For years, I’ve been in a love-hate relationship with Langchain. As an AI engineer, I was immediately drawn to its promise: a neat toolbox to connect LLMs, memory, and tools in minutes. For whipping up prototypes and getting MVPs off the ground, it felt like a superpower. But when it came time to move to production, that feeling faded, replaced by a nagging sense of frustration. My applications felt sluggish, debugging was a nightmare, and scaling felt like hitting a wall.
For the longest time, I thought the problem was on my side. Was my architecture flawed? Was I missing some key configuration? I spent countless hours trying to optimize, only to feel like I was running in circles. It wasn’t until I started talking with multiple AI engineers that I realized I wasn’t alone. We were all sharing the same war stories. Then, I stumbled upon a video by Swarnendu De, “Never Use Langchain in Production , Agentic AI Best Practices”, and everything clicked. The video articulated the exact issues I and so many of my peers had been quietly battling. It was the validation I needed, and it made me realize this was an issue that needed to be raised.
The Silent Struggles of a Production Langchain App
If you’ve taken a Langchain app to production, these pain points might sound painfully familiar. They’re the issues we often blame on ourselves, but as I’ve learned, they are common side effects of a framework built for prototyping, not for the rigors of production.
🐢 The Mysterious Case of Latency
In any real-world application, speed is everything. I was pulling my hair out trying to understand why my app was so slow. It turns out, Langchain’s abstractions, especially its memory components and agent executors, can add over a second of latency per API call. One fellow engineer I spoke with mentioned they cut their API latency by some more then 1 seconds just by removing Langchain’s memory wrapper, without changing a single thing about their model or infrastructure. That’s the difference between a happy user and a churned one.
🐛 Debugging in the Dark
When something breaks in a production Langchain app, good luck finding the source quickly, is it the prompt? The chain? A callback? Or something buried deep in the framework’s internals? Without clear observability, you’re essentially reverse-engineering your own stack every time there’s an issue. It’s a massive time sink and completely impractical when you’re under pressure. Frameworks like LangGraph, with their transparent execution flows, are now my go-to for anything serious.

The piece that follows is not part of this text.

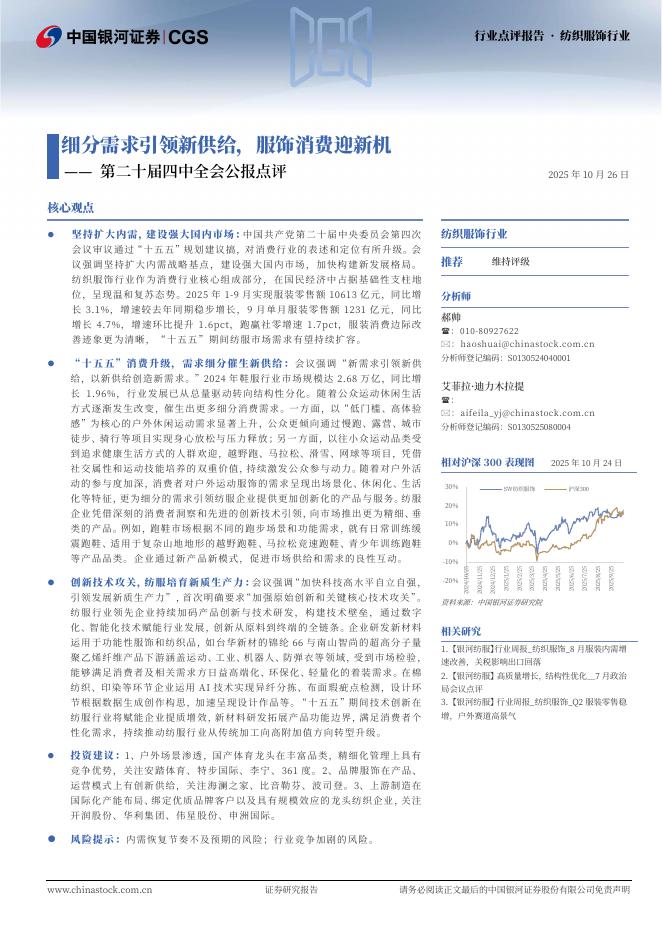 中国银河:纺织服饰行业第二十届四中全会公报点评:细分需求引领新供给,服饰消费迎新机.pdf
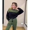 Худи — двухцветное, свободного и слегка укороченного кроя, с круглым вырезом. Длинные рукава с немного опущенной линией плеч обеспечивают удобство и свободу движений.

⛓️ The Architectural Handcuffs
Langchain encourages you to build around its abstractions. While this is great for getting started, it creates a powerful architectural lock-in. Its heavy dependency graph inflates your container size, slows down deployments, and makes it incredibly painful to swap out components later. I’ve heard stories of teams spending months on rewrites just to untangle their product from Langchain. Even its own founder has called it a “toolbox,” but it’s easy to accidentally lock yourself into the whole box.
💸 The Hidden Costs of “Magic”
Context is king in AI, but excess context is a budget killer. I learned this the hard way when our monthly OpenAI bill started creeping up. Langchain’s default memory setups often store far more conversation history than necessary, leading to wasted tokens and extra API calls. After hearing about another team’s success, we built a custom, trimmed-down memory solution and saw our costs drop by nearly 30% in the first month, with the added bonus of faster responses.
The Path Forward: A Consensus is Forming
The great news is that you don’t have to choose between orchestration and performance. The consensus I’ve seen forming among experienced AI engineers is a move towards leaner, more controllable tools:
- Direct API calls for full control over prompts and responses.
- LangGraph or AutoGen for building flexible, observable workflows.
- Custom orchestration stacks using tools like FastAPI, Celery, and Redis for ultimate scalability.
How to Escape the Dilemma
Moving away from Langchain doesn’t have to be a painful, all-or-nothing rewrite. A smarter, phased approach is the way to go, a strategy that has worked for my team and others:
- Abstract it away: First, wrap your existing Langchain code in your own functions. This makes it much easier to swap out later.
- Replace memory and tools first: This is where you’ll find the biggest and most immediate gains in performance and cost savings.
- Add observability: Use tools like AgentOps, LangSmith, or OpenTelemetry to finally see what’s going on under the hood and pinpoint bottlenecks.
- Test direct LLM calls in parallel: This allows you to measure the improvements in cost and speed and validate your migration.
This lets you keep delivering new features while steadily regaining control of your architecture.
It’s a relief to know that the struggles I faced weren’t unique to me but are a shared experience in the AI engineering community. Langchain is a fantastic tool for learning and prototyping, but for production, our priorities have to change. We need stability, speed, and cost control. By having these open conversations, we can all learn to build better, more robust AI systems that are truly ready for scale.